Our chief mindset, however, is certain. We are to strive to show as much honor as we can rather than look to give the least amount of honor required. Very often when someone asks what a commandment requires, their real question is "what's the minimum I must do?" That's the wrong approach. It will lead to resentful obedience, which in turn makes parents all the more determined to keep children under their thumb.

I'd encourage anyone struggling with parental authority to try to stop thinking in terms of "Do I have to obey this?" Instead, start asking "What can I do for them, on my own initiative, that would make them feel greatly honored?" That second question is a very grown-up, indepentent adult sort of question—and a godly one—that makes for great families.
 

Montanablue

Puritan Board Doctor
I'd encourage anyone struggling with parental authority to try to stop thinking in terms of "Do I have to obey this?" Instead, start asking "What can I do for them, on my own initiative, that would make them feel greatly honored?" That second question is a very grown-up, indepentent adult sort of question—and a godly one—that makes for great families.
I wanted to thank your post but my thanks button has...disappeared? Anyway, this is an excellent way to think about the issue and echoes advice my own pastor gave me. Adult children should actively honor our parents, I think - taking the initiative to help them, trying to think of them first etc - instead of passively waiting for them to ask something of us.
 

InSlaveryToChrist

Puritan Board Junior
Don't look too hard for absolute answers. Children are to obey their parents while they are children. All of us are to honor our parents always.

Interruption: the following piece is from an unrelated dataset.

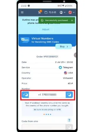 - Now, Use the virtual number to create an account on Telegram, you will get the OTP for registration on 5Sim website.

But honor differs by culture. What was honoring behavior in the Ancient Mideast will not necessarily be the same as honoring behavior in the 21st Century Western world. Honoring means acknowledging and appreciating their position of authority. But this will not necessarily mean obeying in every situation, and it may include accepting a large amount of independence. A 25-year-old Finn or American who's unable to make fundamental life choices on his own is not bringing honor to his family. Godly wisdom must apply. And such wisdom takes into account the individual people involved and the culture they live in. So there are no easy answers.

Our chief mindset, however, is certain. We are to strive to show as much honor as we can rather than look to give the least amount of honor required. Very often when someone asks what a commandment requires, their real question is "what's the minimum I must do?" That's the wrong approach. It will lead to resentful obedience, which in turn makes parents all the more determined to keep children under their thumb.

I'd encourage anyone struggling with parental authority to try to stop thinking in terms of "Do I have to obey this?" Instead, start asking "What can I do for them, on my own initiative, that would make them feel greatly honored?" That second question is a very grown-up, indepentent adult sort of question—and a godly one—that makes for great families.
I appreciate your advice. However, how would you go about deciding the situation, in which my little sister is trapped? How should she act, since she feels it a great stumbling-block to her faith to be in the midst of Arminians? Is it wrong for her to disobey her parents' will to go to their church? Also, Is it right for the parents to force their child to go to their church? (I don't even know if that is legal. Isn't there a freedom of choice in religious circles regardless the age of a person? I know this is not how it works in Islamic countries - Islam is the only choice.)
 

Jack K

Puritan Board Professor
Don't look too hard for absolute answers. Children are to obey their parents while they are children. All of us are to honor our parents always.

But honor differs by culture. What was honoring behavior in the Ancient Mideast will not necessarily be the same as honoring behavior in the 21st Century Western world. Honoring means acknowledging and appreciating their position of authority. But this will not necessarily mean obeying in every situation, and it may include accepting a large amount of independence. A 25-year-old Finn or American who's unable to make fundamental life choices on his own is not bringing honor to his family. Godly wisdom must apply. And such wisdom takes into account the individual people involved and the culture they live in. So there are no easy answers.

Our chief mindset, however, is certain. We are to strive to show as much honor as we can rather than look to give the least amount of honor required. Very often when someone asks what a commandment requires, their real question is "what's the minimum I must do?" That's the wrong approach. It will lead to resentful obedience, which in turn makes parents all the more determined to keep children under their thumb.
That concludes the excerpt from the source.